Matting by Generation

Zhixiang Wang,Baiang Li,Jian Wang,Yu-Lun Liu,Jinwei Gu,Yung-Yu Chuang,Shin'ichi Satoh
DOI: https://doi.org/10.1145/3641519.3657519
2024-07-31
Abstract:This paper introduces an innovative approach for image matting that redefines the traditional regression-based task as a generative modeling challenge. Our method harnesses the capabilities of latent diffusion models, enriched with extensive pre-trained knowledge, to regularize the matting process. We present novel architectural innovations that empower our model to produce mattes with superior resolution and detail. The proposed method is versatile and can perform both guidance-free and guidance-based image matting, accommodating a variety of additional cues. Our comprehensive evaluation across three benchmark datasets demonstrates the superior performance of our approach, both quantitatively and qualitatively. The results not only reflect our method's robust effectiveness but also highlight its ability to generate visually compelling mattes that approach photorealistic quality. The project page for this paper is available at <a class="link-external link-https" href="https://lightchaserx.github.io/matting-by-generation/" rel="external noopener nofollow">this https URL</a>
Computer Vision and Pattern Recognition
What problem does this paper attempt to address?

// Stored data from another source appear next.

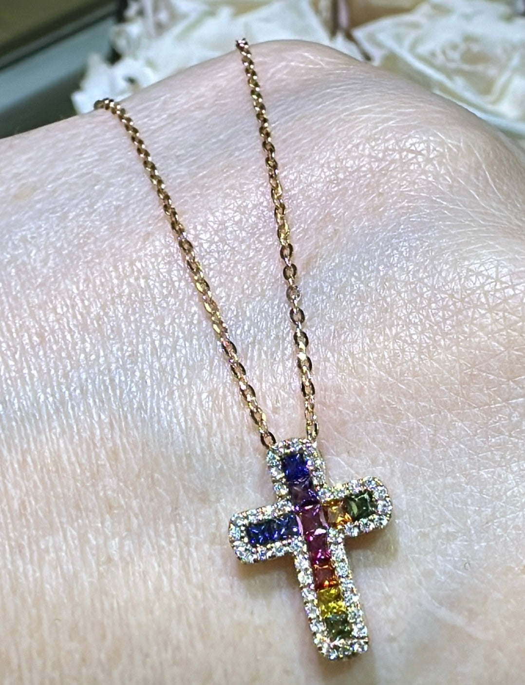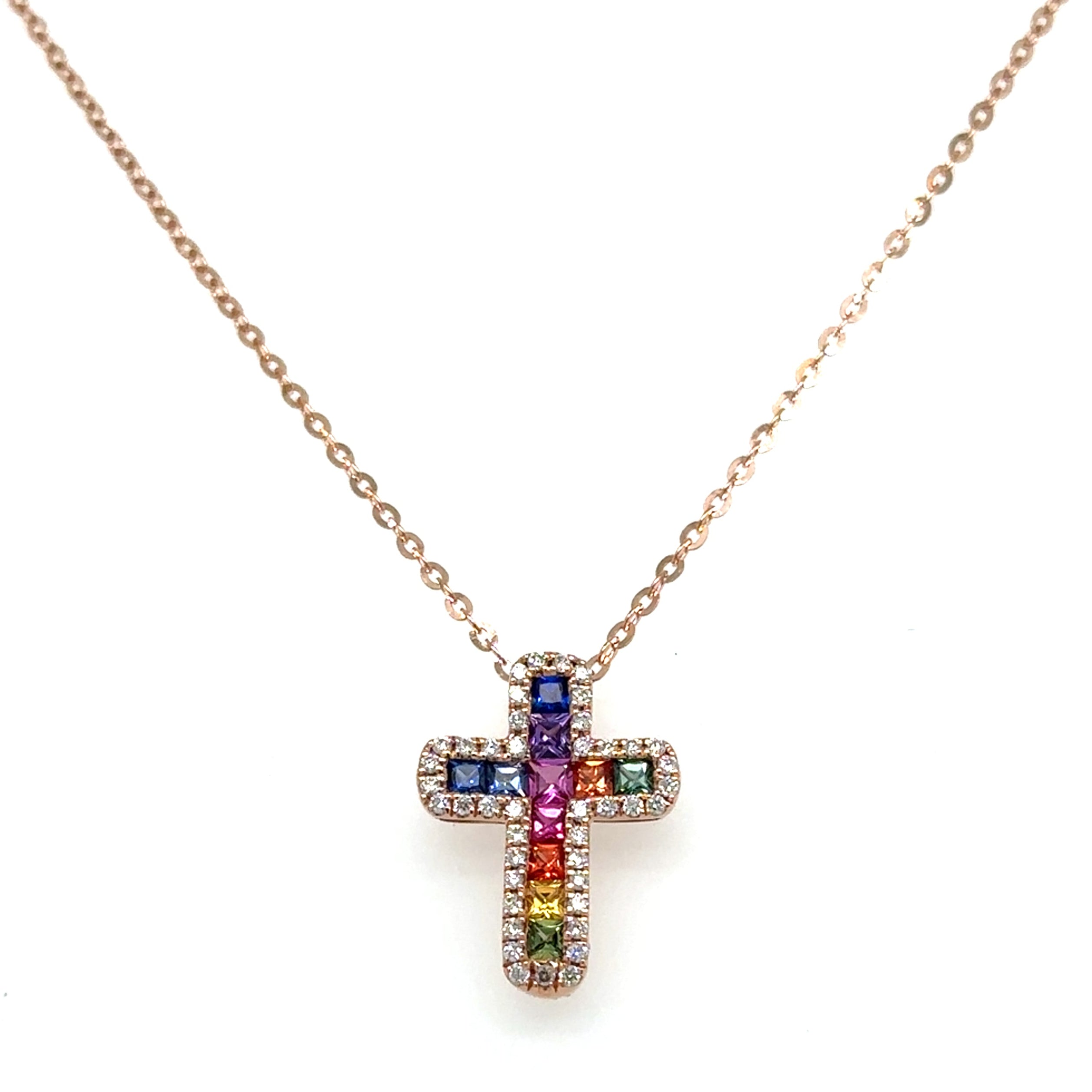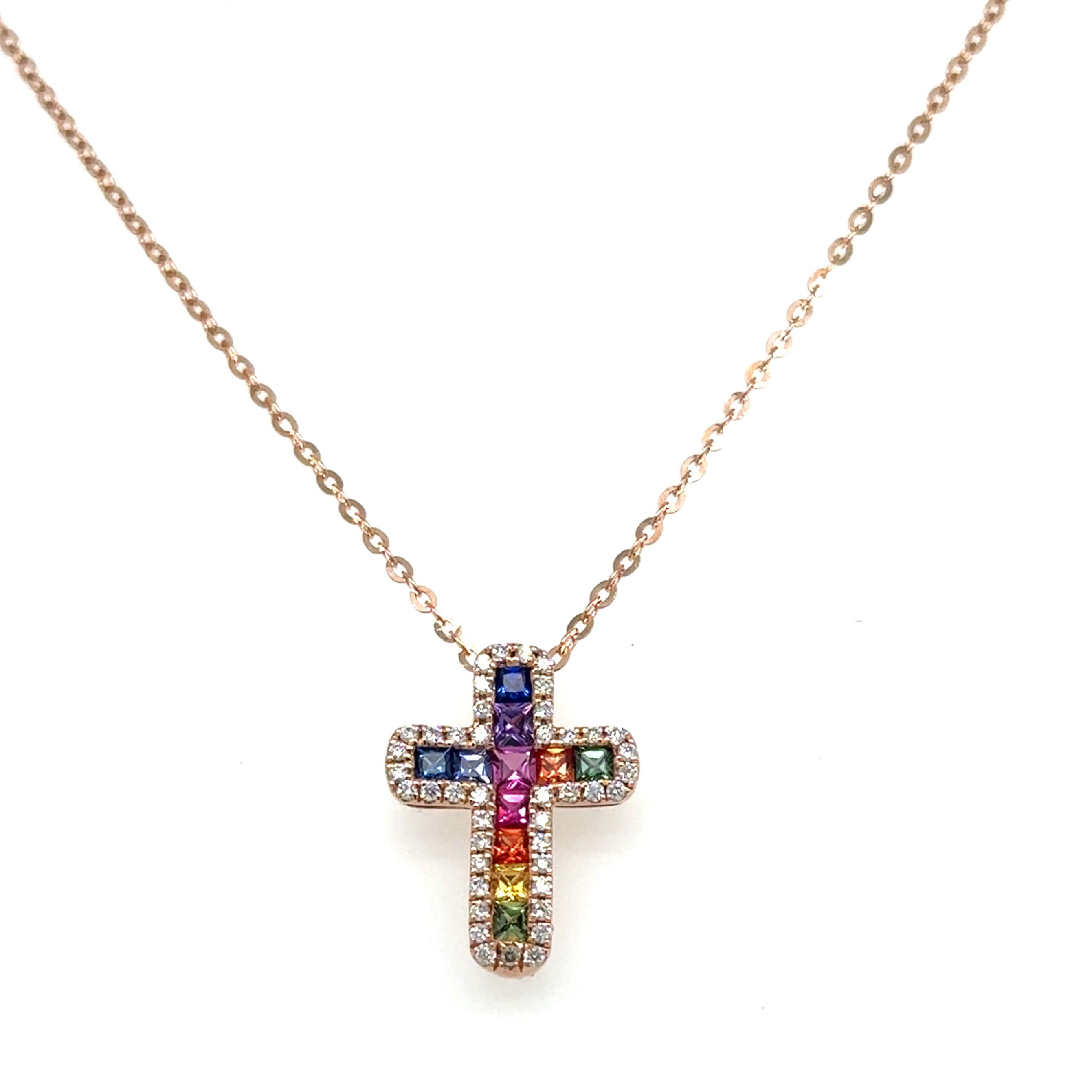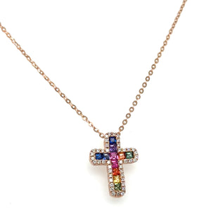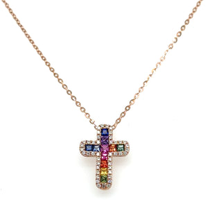 This stunning cross pendant necklace features a 0.65ct tw rainbow sapphire and diamond design, making it a truly unique and eye-catching piece. The vibrant colors and sparkling diamonds make it a beautiful addition to any jewelry collection. Perfect for those who appreciate bold and sophisticated accessories.
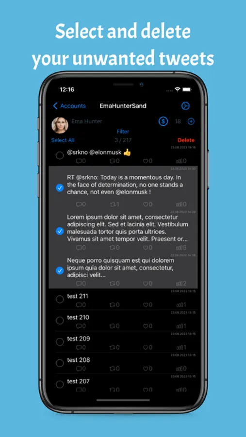 You no longer need to scroll through your timeline to find old tweets. Simply input the desired date or keyword, and Tweet Cleaning will display the relevant tweets.
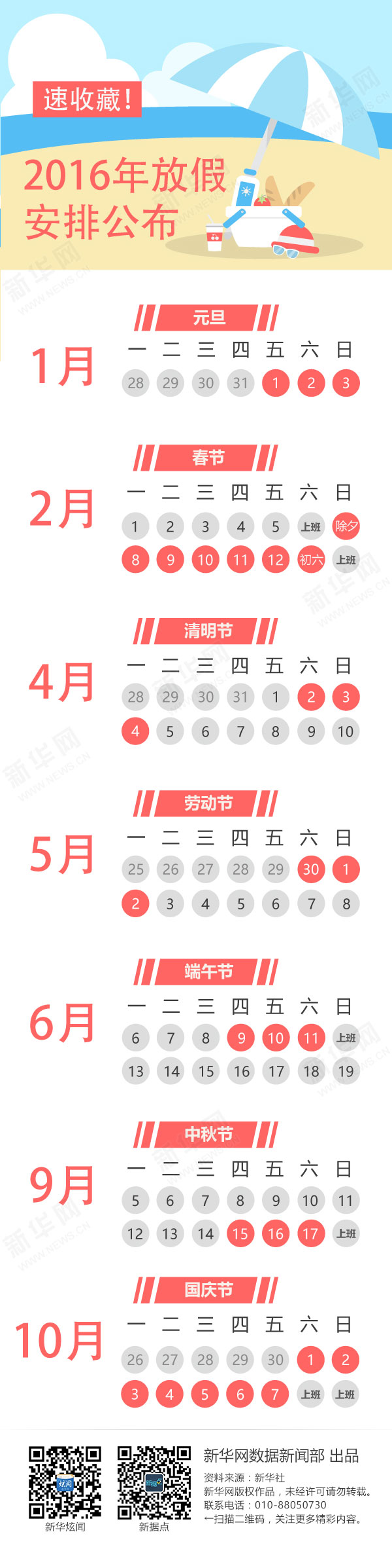 新华社北京12月10日电据中国政府网,国务院办公厅10日发出2016年部分节假日安排的通知。
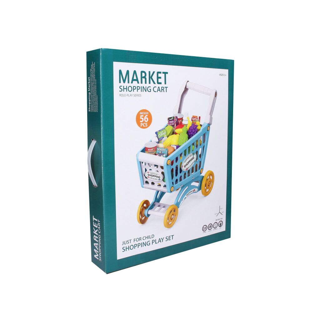 Nákupní vozík s potravinami. Rozměry vozíku 40 x 24,5 x 44 cm. Obrázkový návod na složení se nachází na obalu. Balení obsahuje 56 kusů potravin.
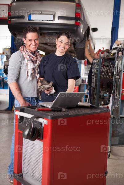 Женщина-механик с клиентом
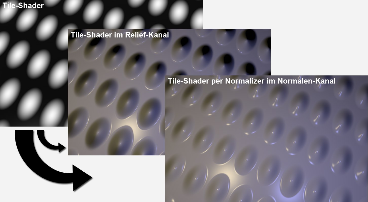 Mit Hilfe des Normalizer (der in den Normale-Kanal gehört) können Sie ganz normale, bisher für Relief-Maps verwendete Texturen für den Normale-Kanal verwenden. Der Normalizer wertet dabei Kontraste aus, um Kanten zu erkennen und berechnet daraus eine Normal-Map. Nochmal zur Erinnerung: prinzipiell machen Relief- und Normalen-Maps ähnliches. In RGB-Bilder kodierte Informationen beeinflussen beim Rendern die echten (Geometrie-)Oberflächennormalen und täuschen detaillierte Strukturen vor. Normalen-Maps können im Gegensatz zu Relief-Maps auch die Normalen-Richtungen "verbiegen”, was realistischere Rendereffekte ermöglicht (beachten Sie in obiger Abbildung die Glanzlichter auf den Noppen).
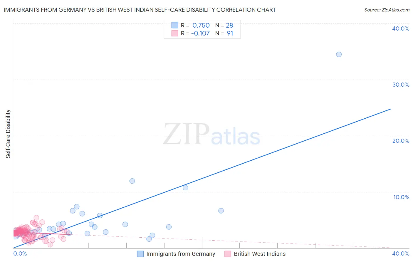 Immigrants from Germany vs British West Indian Self-Care Disability Correlation Chart
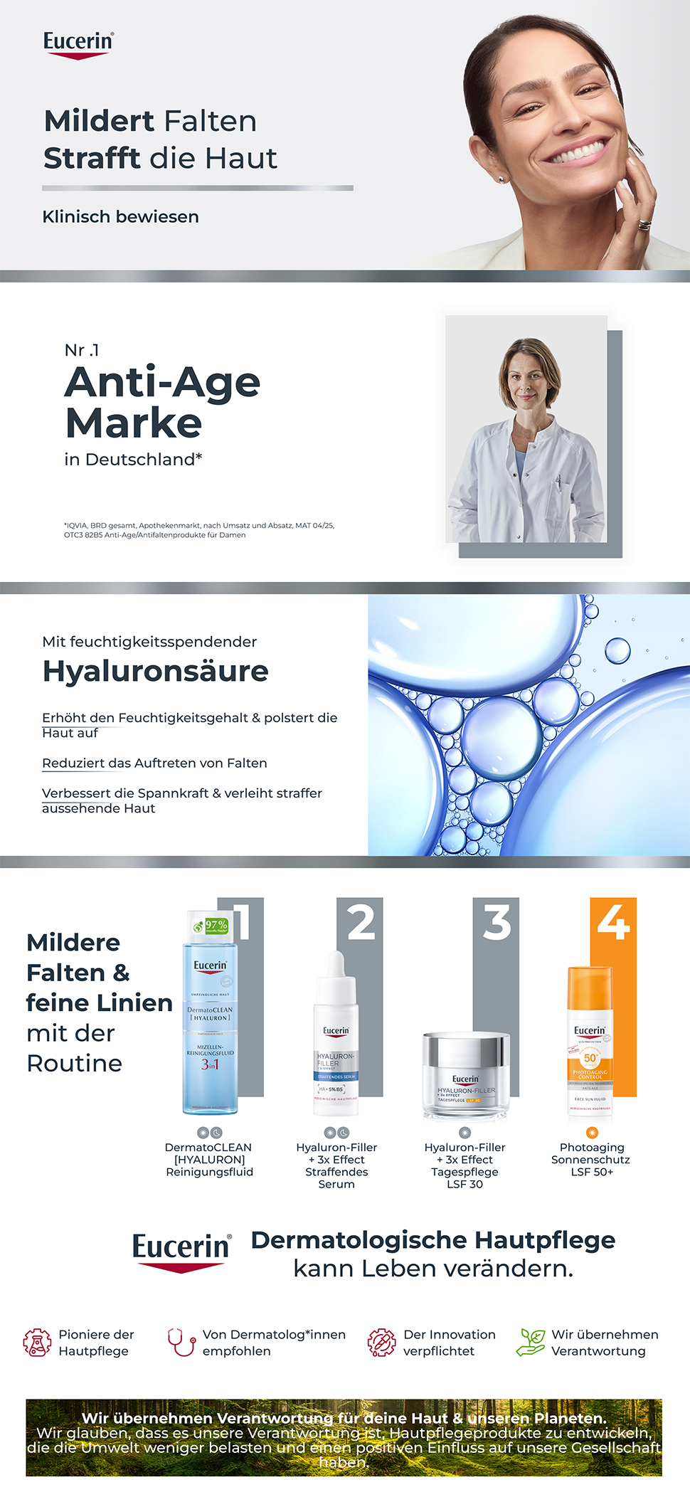 Über Nacht verliert die Haut Feuchtigkeit, was zu Trockenheit, feinen Falten und einem fahlen Teint führt. Das Eucerin Hyaluron-Filler + 3x Effect Hydra Nacht Gel ist eine ultraleichte Anti-Aging Nachtcreme, die 72 Stunden lang Feuchtigkeit spendet und die Haut regeneriert. Dank der Kombination aus Hyaluronsäure, Glycerin und Provitamin B5 wirkt die innovative Gesichtspflege glättend, beruhigend und aufpolsternd – für eine frische, erholte Haut am nächsten Morgen.Das Serum mit ultraleichter Textur zieht schnell in die Haut ein und eignet sich für alle Hauttypen. Klinische und dermatologische Studien beweisen, dass die Hautpflege eine sehr gute Hautverträglichkeit und Wirksamkeit aufweist.
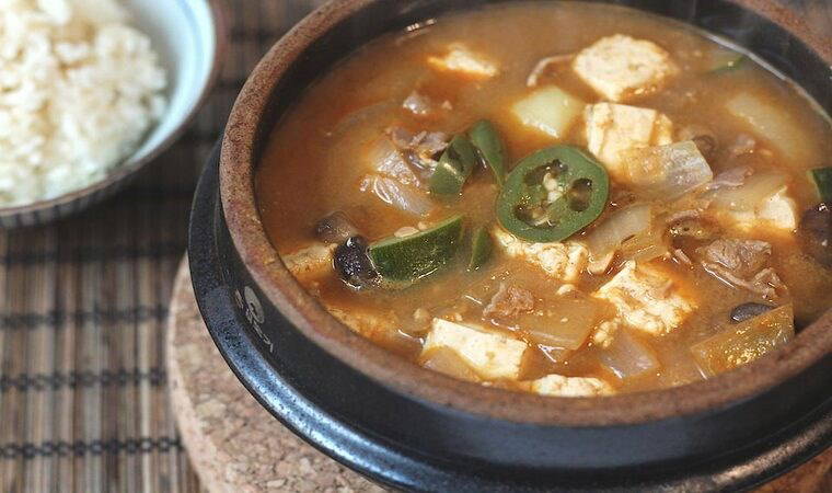 Fermente soya fasulye ezmesi olan doenjang, nefis sebzelerle bir araya geldiğinde ortaya çıkan Doenjang Jjigae, sıcacık bir çorba ile sofranıza lezzet katıyor. İçerdiği tofu, sebzeler ve benzersiz baharatlarıyla bu çorba, Güney Kore'nin geleneksel mutfaklarından birine keyifli bir yolculuk sunuyor. Şimdi, bu basit ve lezzetli tarifle evinizde Kore mutfağını deneyimleyin!

### What problem does this paper attempt to solve? This paper aims to address the issue of image matting, specifically by improving image matting techniques through transforming the traditional regression problem into a generative modeling problem. The main problems the paper attempts to solve are as follows: 1. **Dependence on Additional Inputs in Traditional Methods**: - Existing image matting methods typically require additional inputs to reduce uncertainty, such as user-annotated trimaps or rough segmentation masks. However, these additional inputs may be imprecise, leading to a decline in the final matting quality. 2. **Poor Handling of Boundary Details**: - Current methods often face challenges in handling boundary regions, as these areas usually have low contrast, low image quality, and imperfect manual annotations, resulting in unnatural composite effects. 3. **Limitations of End-to-End Methods**: - Although some of the latest end-to-end methods attempt to address these issues by eliminating the need for additional inputs, they still face challenges in terms of insufficient training data and generating high-quality boundary details. The paper proposes a new method based on a generative diffusion model, leveraging pre-trained knowledge to better handle image semantics and details, thereby improving the quality of image matting. This method can handle high-resolution inputs and generate high-quality matting results without additional guidance, while also being flexible enough to incorporate various forms of guidance information (such as trimaps, rough masks, text prompts, etc.).